Source data Start Marker

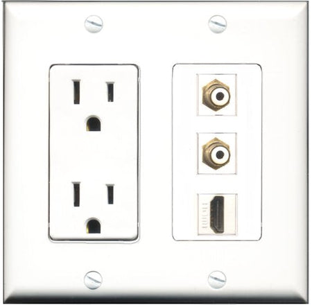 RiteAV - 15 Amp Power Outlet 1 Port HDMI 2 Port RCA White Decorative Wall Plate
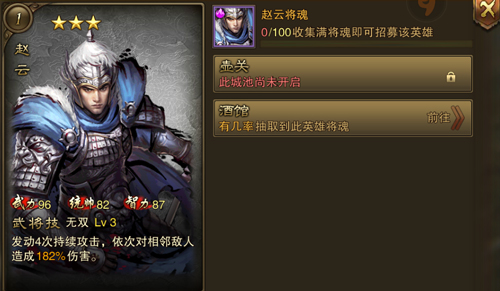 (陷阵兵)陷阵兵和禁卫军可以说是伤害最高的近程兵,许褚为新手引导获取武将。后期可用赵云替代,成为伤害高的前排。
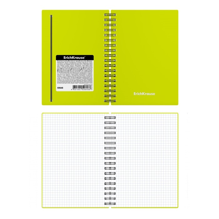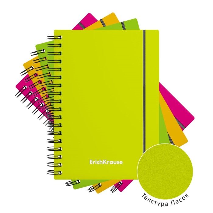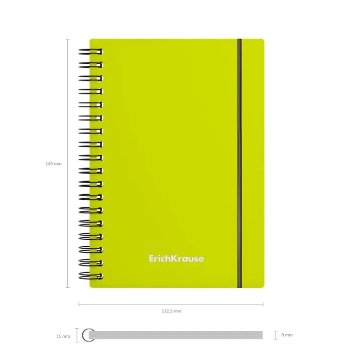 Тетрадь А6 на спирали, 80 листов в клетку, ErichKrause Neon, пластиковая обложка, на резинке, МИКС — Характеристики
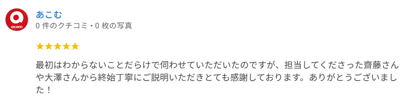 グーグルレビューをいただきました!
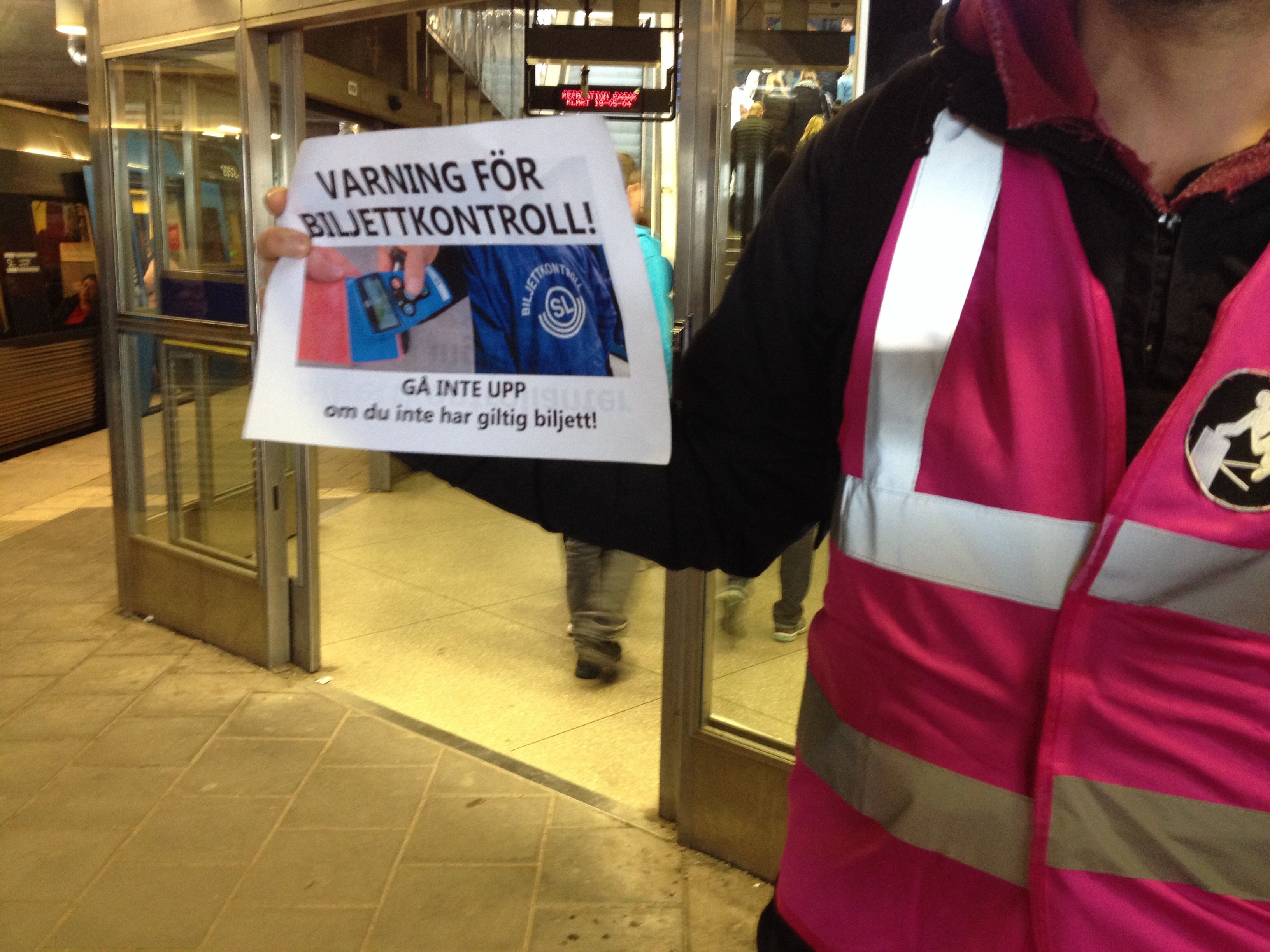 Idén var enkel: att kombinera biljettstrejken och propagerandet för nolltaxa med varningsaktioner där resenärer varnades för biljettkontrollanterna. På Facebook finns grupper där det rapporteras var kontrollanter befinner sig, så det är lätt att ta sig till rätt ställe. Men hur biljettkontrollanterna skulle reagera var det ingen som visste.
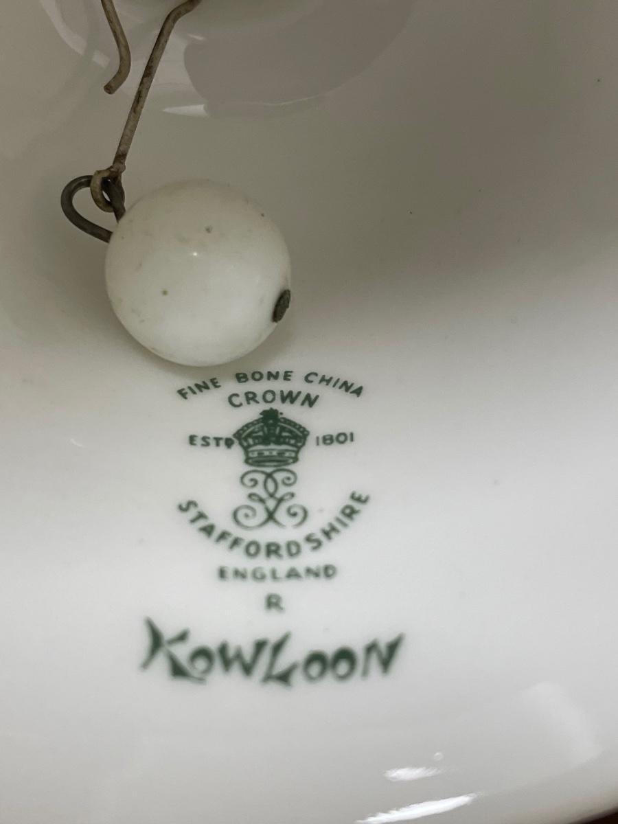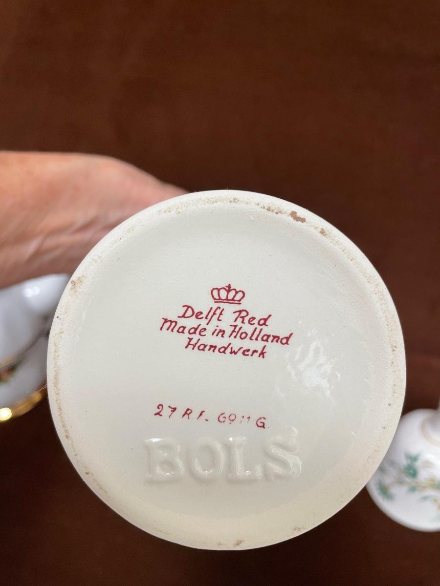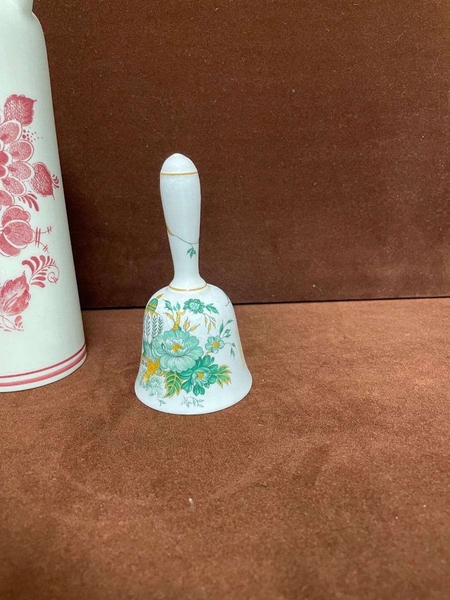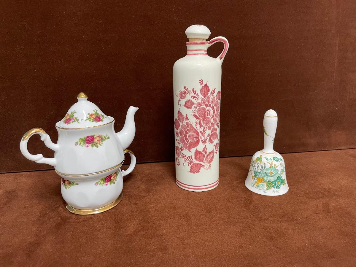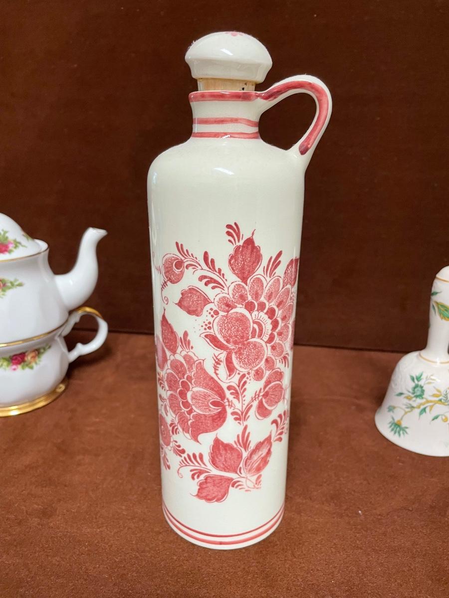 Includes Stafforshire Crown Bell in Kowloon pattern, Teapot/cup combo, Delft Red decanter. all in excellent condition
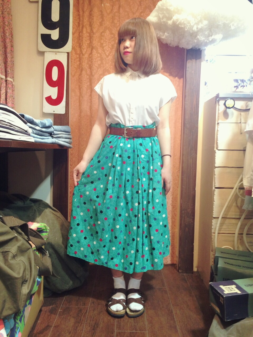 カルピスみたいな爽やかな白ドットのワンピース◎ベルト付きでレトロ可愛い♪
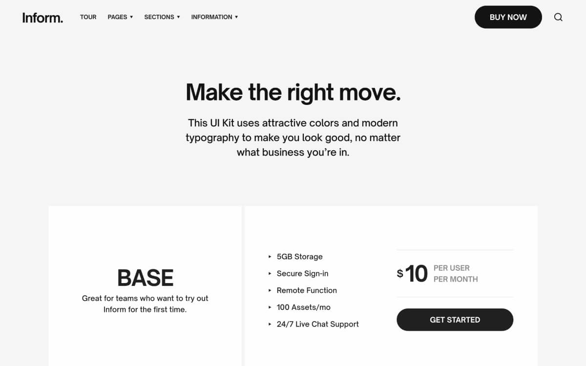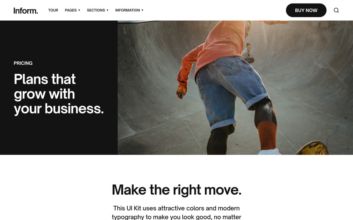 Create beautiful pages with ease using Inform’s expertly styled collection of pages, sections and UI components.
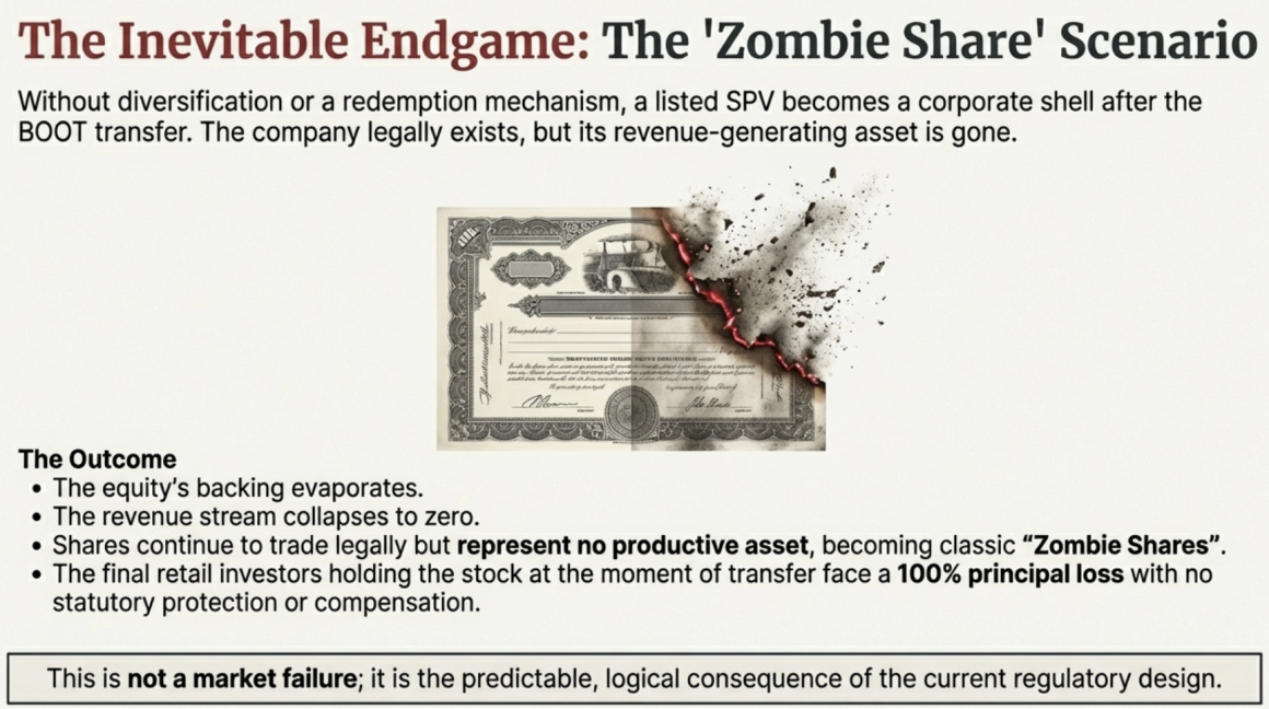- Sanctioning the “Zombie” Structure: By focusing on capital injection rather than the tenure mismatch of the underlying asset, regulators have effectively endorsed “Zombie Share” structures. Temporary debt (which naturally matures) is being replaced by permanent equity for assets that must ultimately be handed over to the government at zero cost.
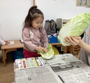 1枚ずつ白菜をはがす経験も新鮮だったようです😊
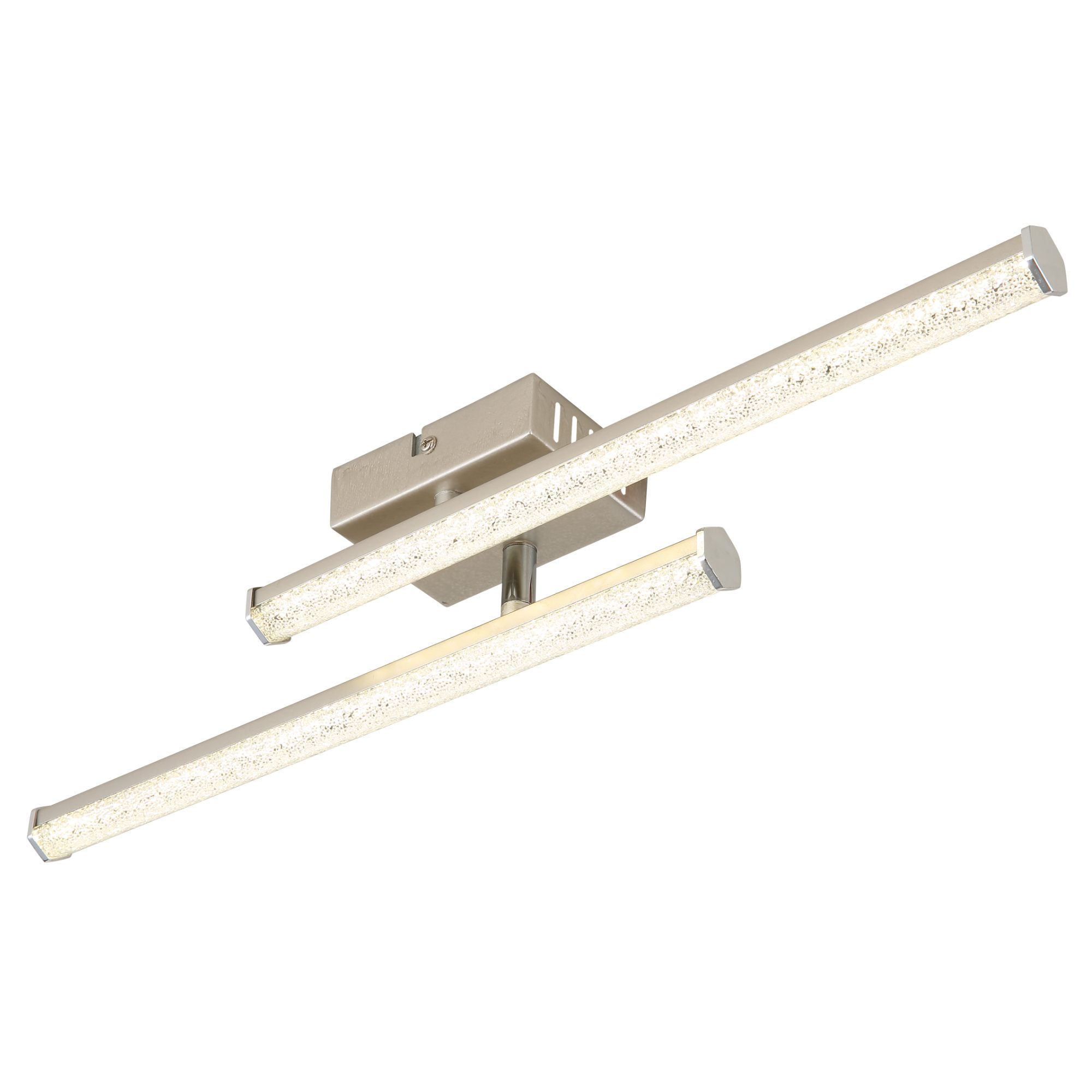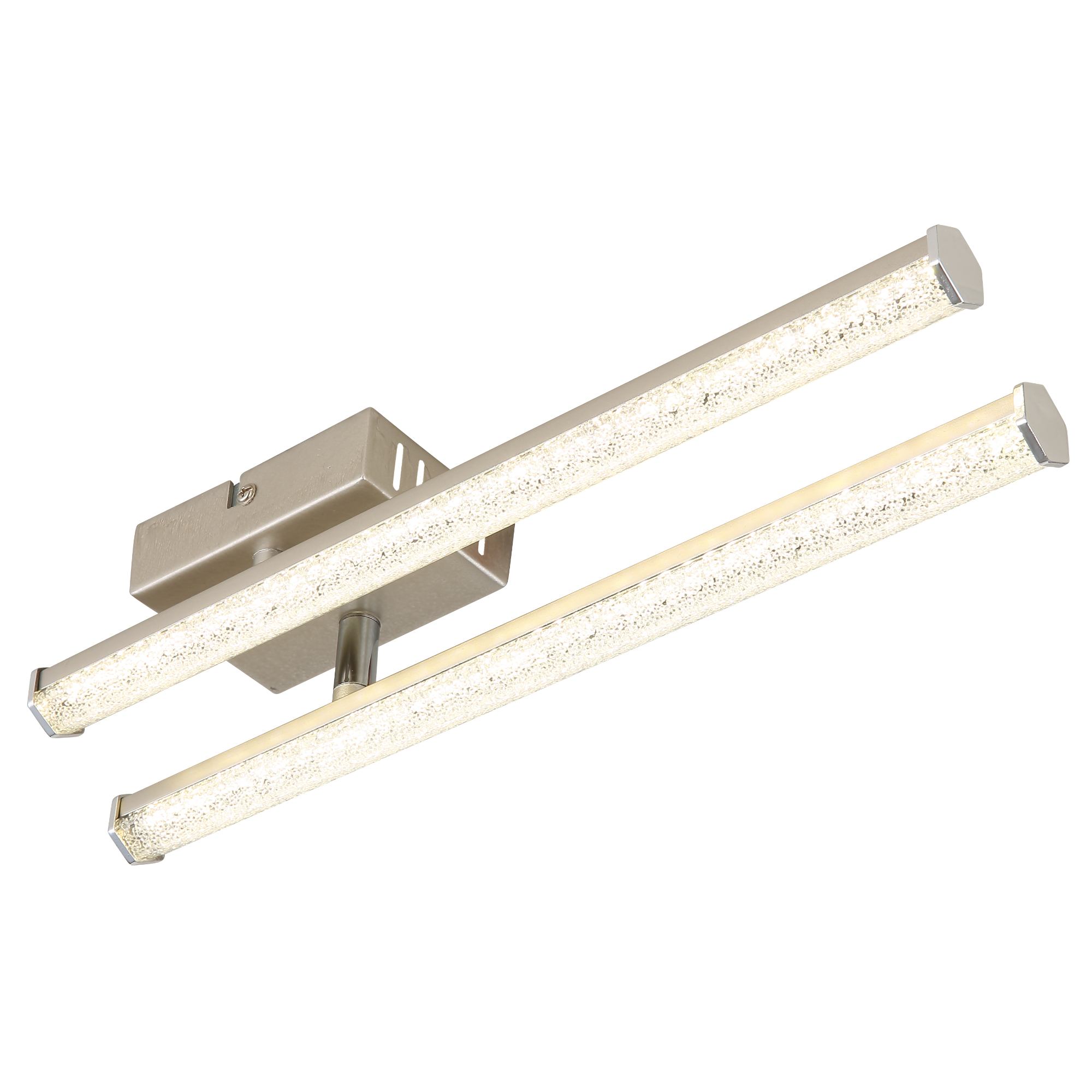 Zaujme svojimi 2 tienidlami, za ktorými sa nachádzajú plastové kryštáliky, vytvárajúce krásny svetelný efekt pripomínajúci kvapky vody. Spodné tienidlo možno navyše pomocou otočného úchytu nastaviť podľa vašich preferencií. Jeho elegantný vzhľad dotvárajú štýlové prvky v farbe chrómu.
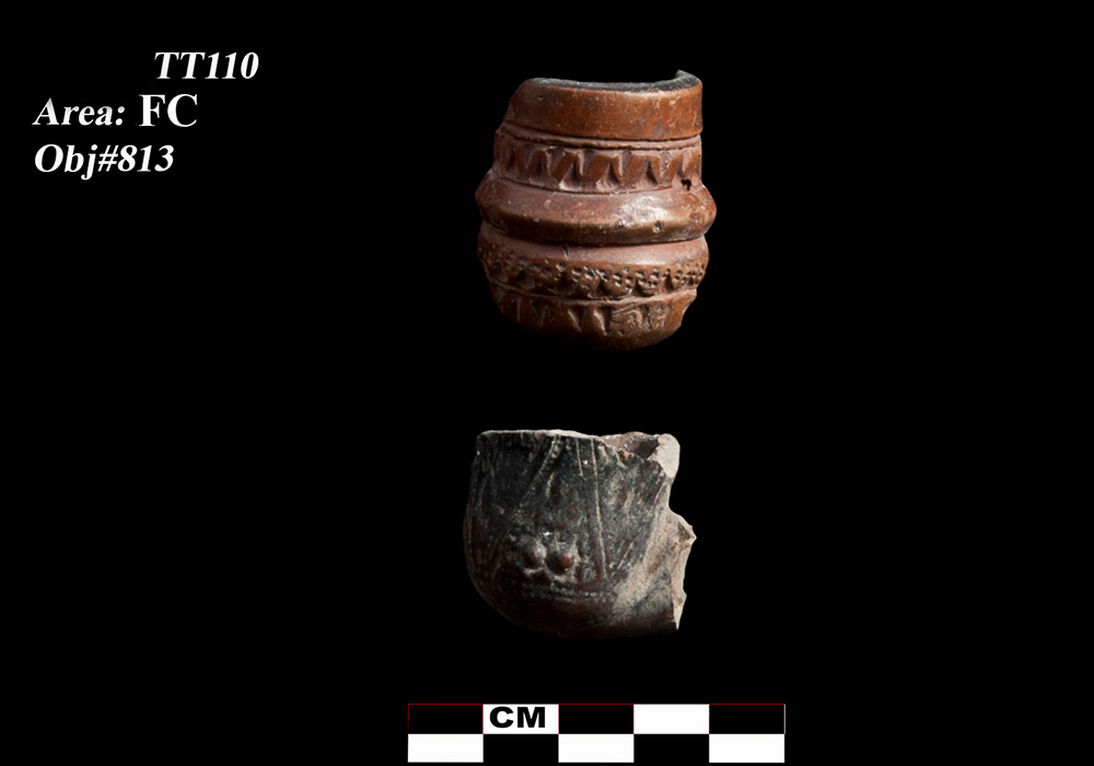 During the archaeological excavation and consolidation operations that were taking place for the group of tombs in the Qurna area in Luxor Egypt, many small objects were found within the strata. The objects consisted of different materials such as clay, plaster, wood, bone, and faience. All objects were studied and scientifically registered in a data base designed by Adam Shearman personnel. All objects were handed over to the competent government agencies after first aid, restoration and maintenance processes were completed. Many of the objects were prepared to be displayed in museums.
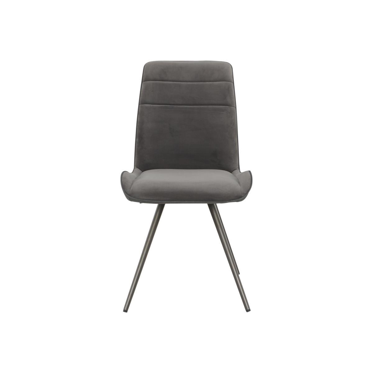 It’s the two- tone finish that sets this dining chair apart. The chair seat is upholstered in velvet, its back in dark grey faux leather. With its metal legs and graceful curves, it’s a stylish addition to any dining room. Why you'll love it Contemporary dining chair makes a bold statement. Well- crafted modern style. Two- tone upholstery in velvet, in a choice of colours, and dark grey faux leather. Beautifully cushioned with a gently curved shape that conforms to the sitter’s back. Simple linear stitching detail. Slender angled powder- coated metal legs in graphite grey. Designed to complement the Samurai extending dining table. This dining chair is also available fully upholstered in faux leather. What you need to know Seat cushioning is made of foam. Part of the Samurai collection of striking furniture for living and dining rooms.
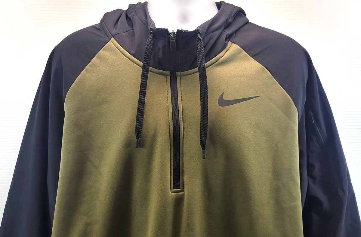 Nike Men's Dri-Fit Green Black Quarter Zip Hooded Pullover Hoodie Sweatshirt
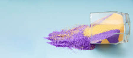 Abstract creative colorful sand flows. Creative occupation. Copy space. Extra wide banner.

Source data End Marker

=== Work required ===
What lines above run from the one with "Includes Stafforshire Crown" to the one with "Create beautiful pages"? Give them again exactly, ends included, and leave the pictures out.

=== Exercise output ===
 Includes Stafforshire Crown Bell in Kowloon pattern, Teapot/cup combo, Delft Red decanter. all in excellent condition
 カルピスみたいな爽やかな白ドットのワンピース◎ベルト付きでレトロ可愛い♪
 Create beautiful pages with ease using Inform’s expertly styled collection of pages, sections and UI components.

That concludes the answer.